SEIZURE-ONSET PATTERNS FROM INTRACRANIAL RECORDINGS IN PEDIATRIC PATIENTS AND CORRELATES WITH PATHOLOGICAL SUBSTRATES
Abstract number :
2.027
Submission category :
3. Clinical Neurophysiology
Year :
2008
Submission ID :
9252
Source :
www.aesnet.org
Presentation date :
12/5/2008 12:00:00 AM
Published date :
Dec 4, 2008, 06:00 AM
Authors :
Linda Huh, E. Novotny and S. Spencer
Rationale: There have been little detailed descriptions of the intracranial ictal EEG (icEEG) patterns in children. Differences in the ictal icEEG patterns between adults and children and differences due to substrate or age dependent changes in the icEEG are unknown. We describe ictal patterns of onset recorded by intracranial electrodes in 19 pediatric patients and correlates with pathological substrates. Methods: Nineteen pediatric patients (<18 years old) with intractable epilepsy underwent monitoring with subdural grid/strip electrodes or depth electrodes for possible surgical intervention from 2003-2008. Ictal patterns from a total of 152 seizures were visually analyzed retrospectively by three separate readers and characterized by frequency, morphology, and anatomic localization (focal, regional, multifocal, or diffuse).
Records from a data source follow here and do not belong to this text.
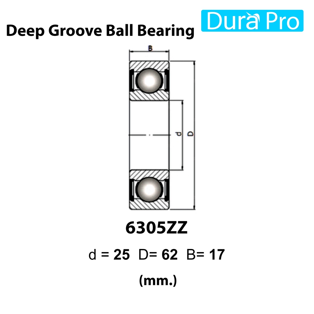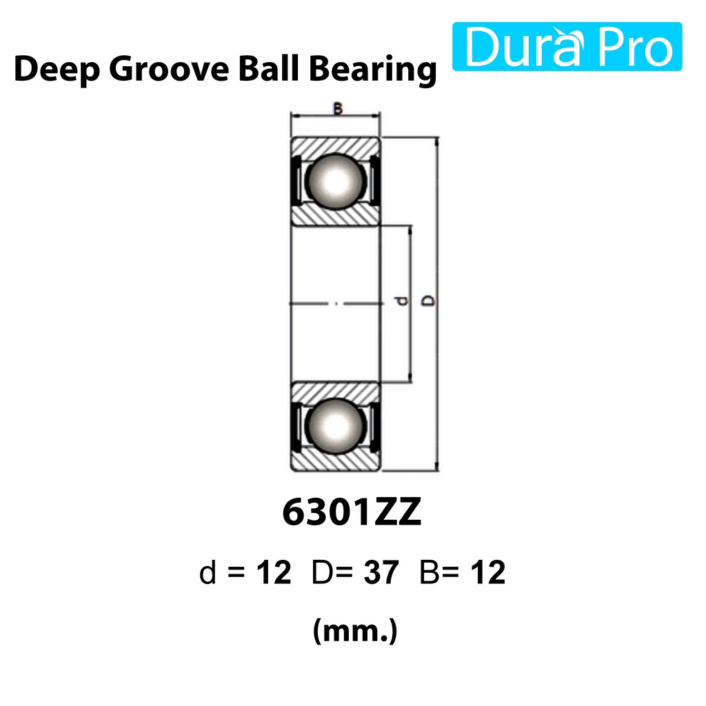 6301ZZ 6302ZZ 6303ZZ 6304ZZ 6305ZZ 2ZR ตลับลูกปืนเม็ดกลมร่องลึก ฝาเหล็ก FAG (Deep Groove Ball Bearing) โดย Dura Pro
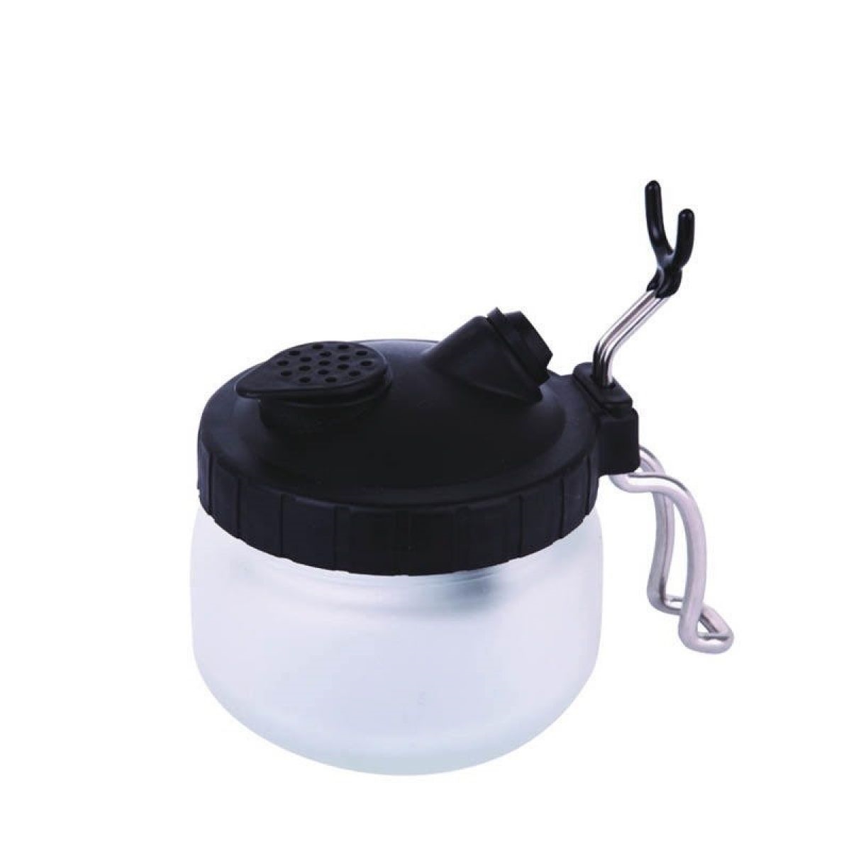 Airbrush cleaning pot, glass with plastic lid, used to spray-clean airbrush. The airbrush is inserted into the opening of the plastic lid and is cleaned by spraying Vallejo Airbrush Cleaner #71.099 or water into the container.
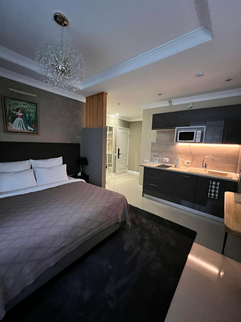 Прекрасный отель. Местоположение отличное. В тихом районе города и близко к центру. До променада 7 минут пешком. Хороший пологий спуск. И в стороне от стройки, которая сейчас там идет. Это огромный плюс. Номера красивые, мебель, аксессуары, все подобрано со вкусом. Очень чисто. Отдельно хочу отметить хозяина отеля Алексея. Потрясающий человек, отзывчивый и радушный. Помогал во всех вопросах. Рекомендую отель на все 100%. Мы отдыхали семьей с маленьким ребенком. Отель заранее предупредил меня о том, что он не рассчитан для отдыха с маленькими детьми. Но мы все равно решили попробовать. Все прошло благополучно, но, в целом, соглашусь, что с маленьким ребенком было немного сложно.
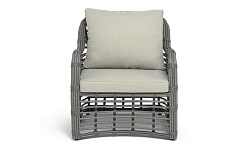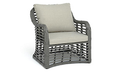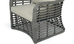 Каркас мебели сделан из прочного алюминия с высокими эксплуатационными качествами. Оплетен вручную с помощью круглого искусственного ротанга. Представлено в сером оттенке.
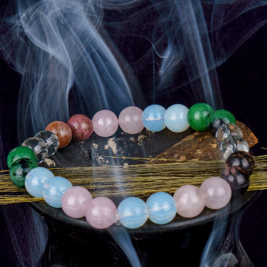 Numerology Number 6 Bracelet | Opal, Rose Quartz, Clear Quartz, Ruby Zoisite & Rhodonite Crystals for Love & Harmony
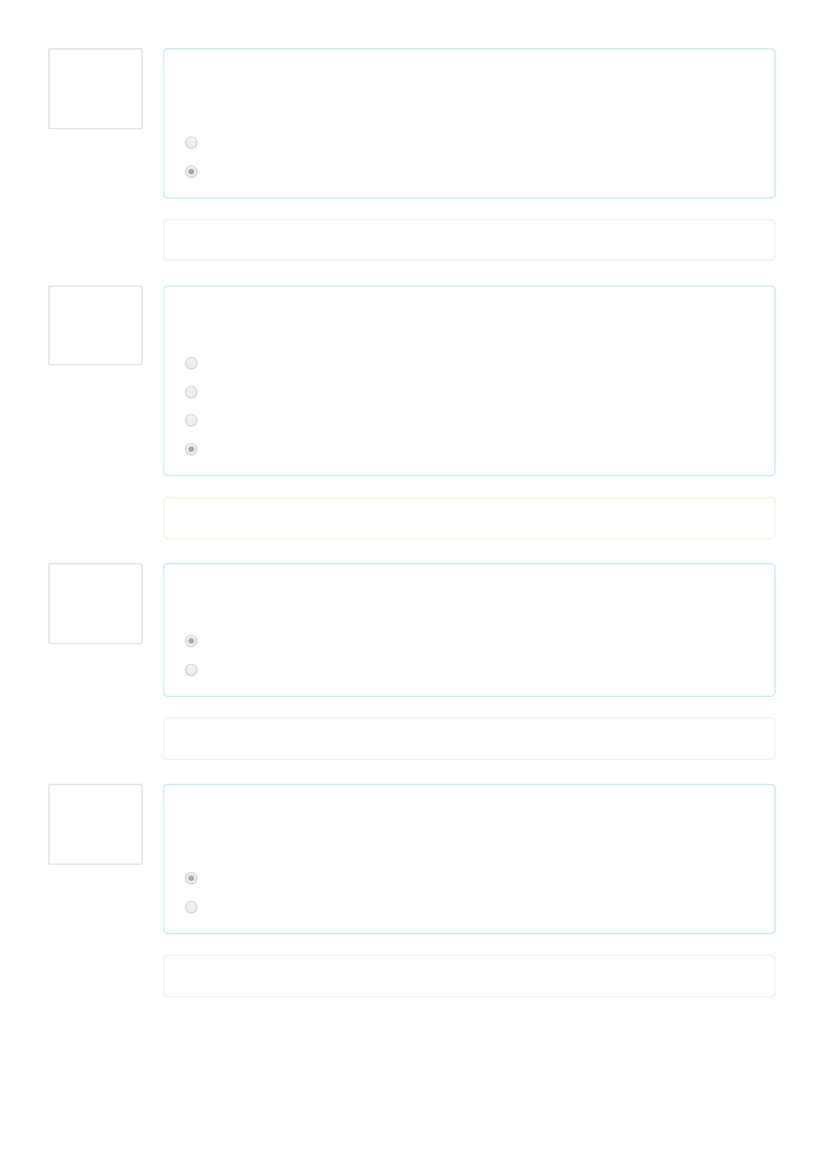 06/02/2020 Questionário Módulo 03-NR10SEP https://www.certificacaotecnica.com.br/mod/quiz/review.php?attempt=759734 1/3 Questão 1 Completo Atingiu 1,00 de 1,00 Questão 2 Completo Atingiu 1,00 de 1,00 Questão 3 Completo Atingiu 1,00 de 1,00 Questão 4 Completo Atingiu 1,00 de 1,00 As consequências da liderança autoritária estão relacionadas com uma ausência de espontaneidade e de iniciativa por parte dos liderados. Escolha uma: a. Falso b. Verdadeiro A resposta correta é: Verdadeiro. É a forma mais profunda de se compreender outra pessoa: Escolha uma: a. Caráter b. Nenhuma das Alternativas c. Confiança d. Empatia A resposta correta é: Empatia. Existe a possibilidade de um estresse vir a se tornar benéfico? Escolha uma: a. Sim b. Não A resposta correta é: Sim. O alto número de vezes que um profissional executou um determinado serviço, pode prejudicar as medidas de segurança? Escolha uma: a. Sim b. Não A resposta correta é: Sim. 06/02/2020 Questionário Módulo 03-NR10SEP https://www.certificacaotecnica.com.br/mod/quiz/review.php?attempt=759734 2/3 Questão 5 Completo Atingiu 1,00 de 1,00 Questão 6 Completo Atingiu 1,00 de 1,00 Questão 7 Completo Atingiu 1,00 de 1,00 Questão 8 Completo Atingiu 1,00 de 1,00 O líder autoritário fixa diretrizes sem a participação do grupo, determina as técnicas para a execução das tarefas. É também ele que designa qual a tarefa de cada um dos subordinados. Escolha uma: a. Verdadeiro b. Falso A resposta correta é: Verdadeiro. O líder que não se impõe ao grupo e consequentemente não é respeitado, é característica da liderança: Escolha uma: a. Autoritária b. Democrática c. Nenhuma das Alternativas d. Liberal A resposta correta é: Liberal. O que representa um clima de cooperação? Escolha uma: a. Significa coloca-se no lugar da outra pessoa. b. Significa confiança nos liderados. c. Nenhuma das Alternativas d. É uma cooperação de pontos de vistas de pessoas diferentes. A resposta correta é: É uma cooperação de pontos de vistas de pessoas diferentes.. Quais são os tipos de lideranças que existem: Escolha uma: a. Nenhuma das Alternativas b. Autoritária, liberal e democrática. c. Liberal, social e democrática. d. Social, pessoal e passiva. A resposta correta é: Autoritária, liberal e democrática.. 06/02/2020 Questionário Módulo 03-NR10SEP https://www.certificacaotecnica.com.br/mod/quiz/review.php?attempt=759734 3/3 Questão 9 Completo Atingiu 1,00 de 1,00 Questão 10 Completo Atingiu 1,00 de 1,00 São causas geradoras de mau humor nos funcionários: Escolha uma: a. Briga familiar e cobranças no trabalho b. Trabalho noturno c. Nenhuma das Alternativas d. Empatias por partes dos colegas A resposta correta é: Briga familiar e cobranças no trabalho. Uma pessoa insegura irá optar, defensivamente, por um estilo que a proteja, por exemplo, o autoritário, que não permite que a questionem. Escolha uma: a. Falso b. Verdadeiro A resposta correta é: Verdadeiro.
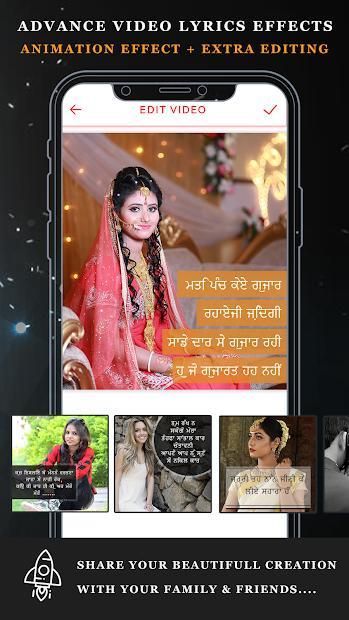Create and share lovely Punjabi Music video within a minute with your personalized. create your own music video with your personalized photos and texts. just pick your images and select best lyrics and you are done with awesome video. You can share it on your Facebook, Instagram, Whatsapp story.
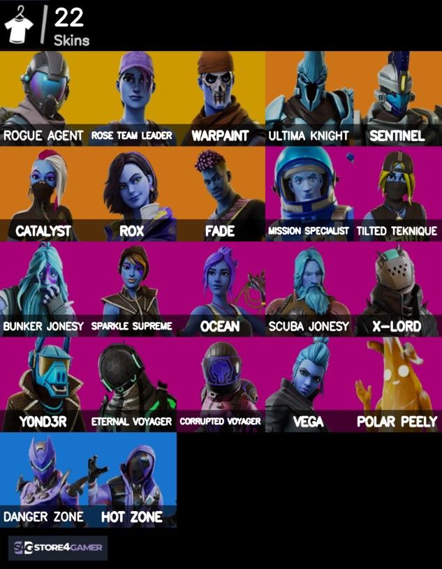 - 🌟 Main Skins: Rogue Agent, Rose Team Leader, Warpaint, Ultima Knight, Catalyst, Rox, Fade, Vega
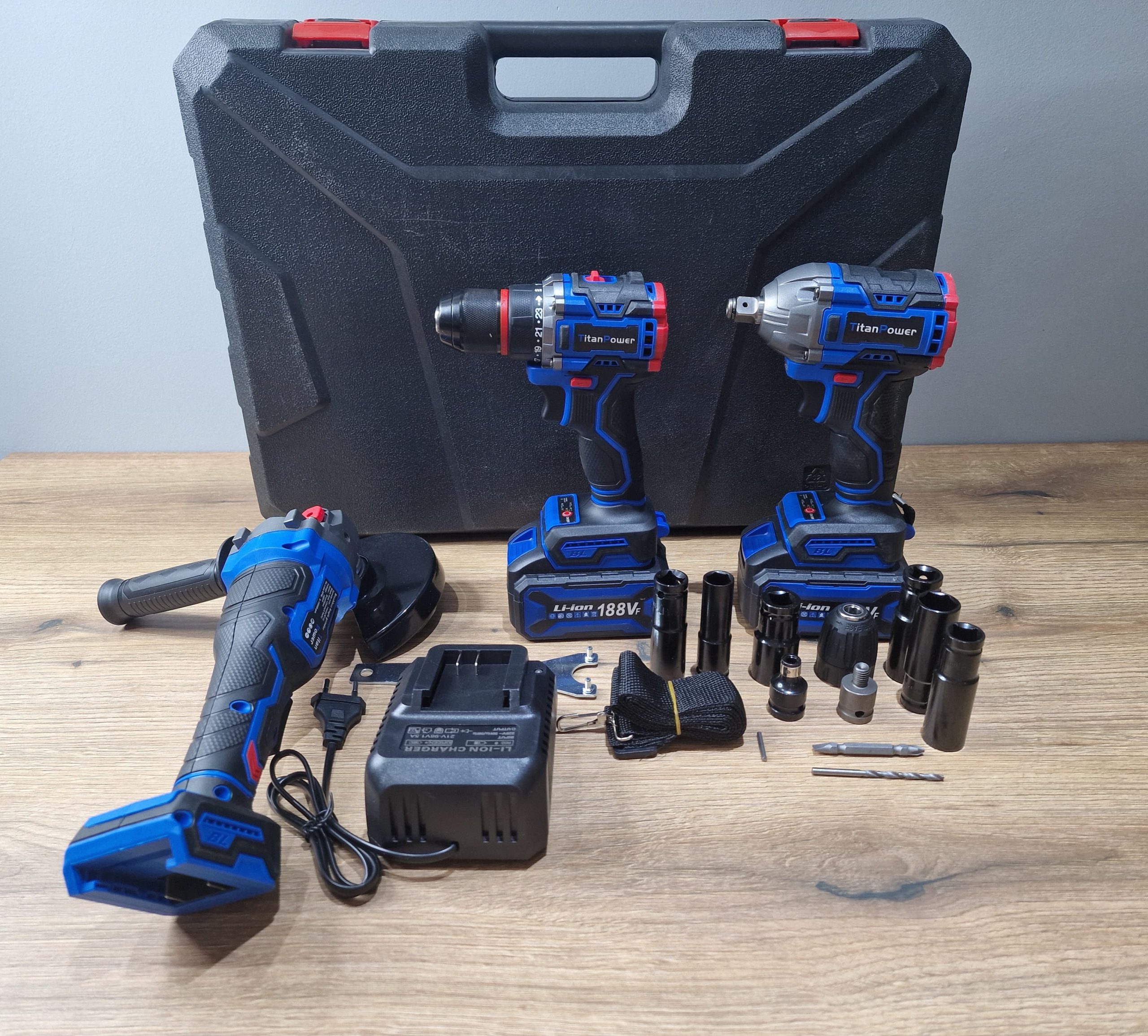 Predstavljamo ti TitanPower 3u1 aku set koji sadrži udarni odvijač, šrafilicu i brusilicu – sve sa snažnim bezčetkastim motorima, litijum-jonskim baterijama i bogatim setom dodataka.
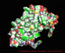 Proteorhodopsin (also known as pRhodopsin) is a family of over 50 photoactive retinylidene proteins, a larger family of transmembrane proteins that use retinal as a chromophore for light-mediated functionality, in this case, a proton pump. Some homologues exist as pentamers or hexamers. pRhodopsin is found in marine planktonic bacteria, archaea and eukaryotes (protae), but was first discovered in bacteria.[1][2][3][4]

Results: The most common pattern of ictal onset was high frequency low voltage activity (HFLV) which was seen in 9/19 patients. The next most common pattern was sinusoidal activity in the theta range with superimposed beta activity (6 patients), with the remainder of the patients (4 patients) having 4-7 Hz rhythmic spiking at the onset of their seizure. Pathologic substrates of the patients included: cortical dysplasia, infarct, cavernoma, viral encephalitis, and mesial temporal lobe sclerosis. HFLV activity and theta sinusoidal activity with superimposed beta activity were seen in the majority of patients with cortical dysplasia (14/15 patients) while rhythmic spiking was the most common ictal onset pattern in patients with substrates other than cortical dysplasia (3/4 patients). Onset was focal in 5/19 patients, regional in 8/19 patients, multifocal in 4/19 patients, non-localizable in 2/19 patients, and did not correlate with pattern of seizure-onset or region of onset. Conclusions: HFLV activity and sinusoidal activity in the theta range with superimposed beta activity are the most common ictal onset patterns in cortical dysplasia while rhythmic spiking is more commonly seen in other substrates. This will be compared to ictal icEEG in adults.